Это была последняя осень, которую жеребята проводили в родной усадьбе. Цены на пони поднимались, и Сигурд решил продать не двоих, как всегда, а целых шесть жеребят.
Всю зиму Тор и Глазок бродили на воле, не зная о своей участи. Запах конюшни им не нравился, и они приходили домой только когда Родур заманивал их на двор.
Весной Сигурд погнал Тора и Глазка вместе с другими жеребятами в приморский город, где их должны были погрузить на корабль и отвезти в Европу.
VIII. Злополучный трусишка.
Однажды Сигурд заметил, что у Вьюги скоро будет жеребенок. Несколько недель спустя рядом с Вьюгой стоял ее третий жеребенок на длинных трясущихся ногах. Сигурд назвал его Трусишкой. Все невзгоды, которые Выога испытала за последнее время, были забыты. Она отдалась радостям бесконечной материнской любви.

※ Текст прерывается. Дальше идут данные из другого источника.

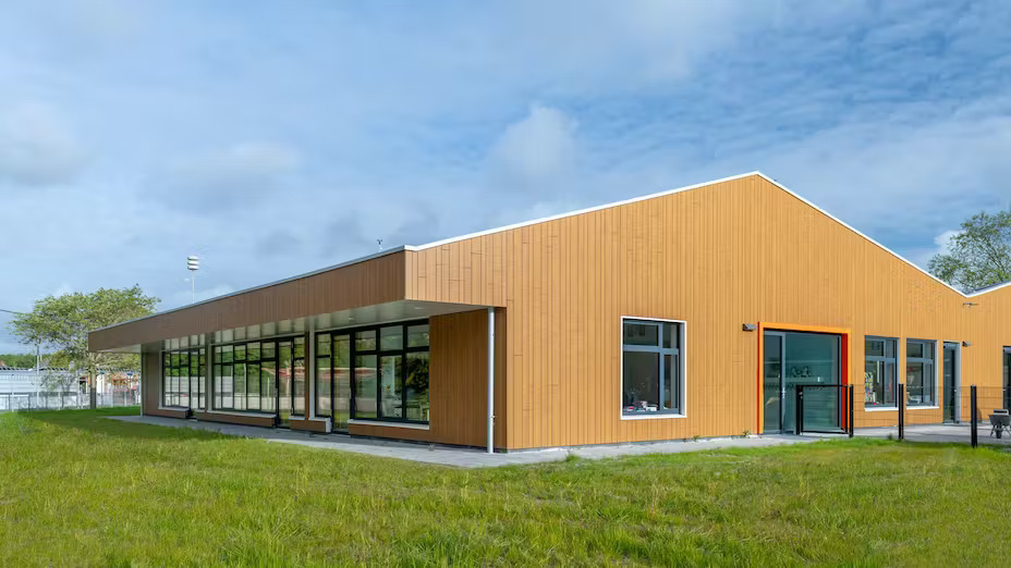 Het nieuwe kindcentrum De Dobbe in Roodeschool is vanwege de gaswinning en het risico op aardbevingen in Noordoost-Groningen aardbevingsbestendig gebouwd. Architectenbureau bct architecten uit Enschede koos een ontwerp dat aan deze eisen voldoet dankzij een eenvoudige constructie en lichte materialen. De keuze voor duurzame gevelbekleding van Rockpanel Woods is een schot in de roos.

Родур, старый дядька всех бильдабергских жеребят, с первого года стал проявлять сильную привязанность к Трусишке, то-и-дело отзывая его от матери. Вьюга заметила, что в то время как прежние ее жеребята всегда сейчас же возвращались, откликаясь на ее ласковое ржание, Трусишка упрямо оставался с Родуром.
Как-то раз сосед Эйольф взял у Сигурда Родура, чтобы съездить в одну из ближайших усадеб. Поездка должна была продолжаться всего несколько часов, потому что мост, который давно строился на соседней реке, был наконец готов.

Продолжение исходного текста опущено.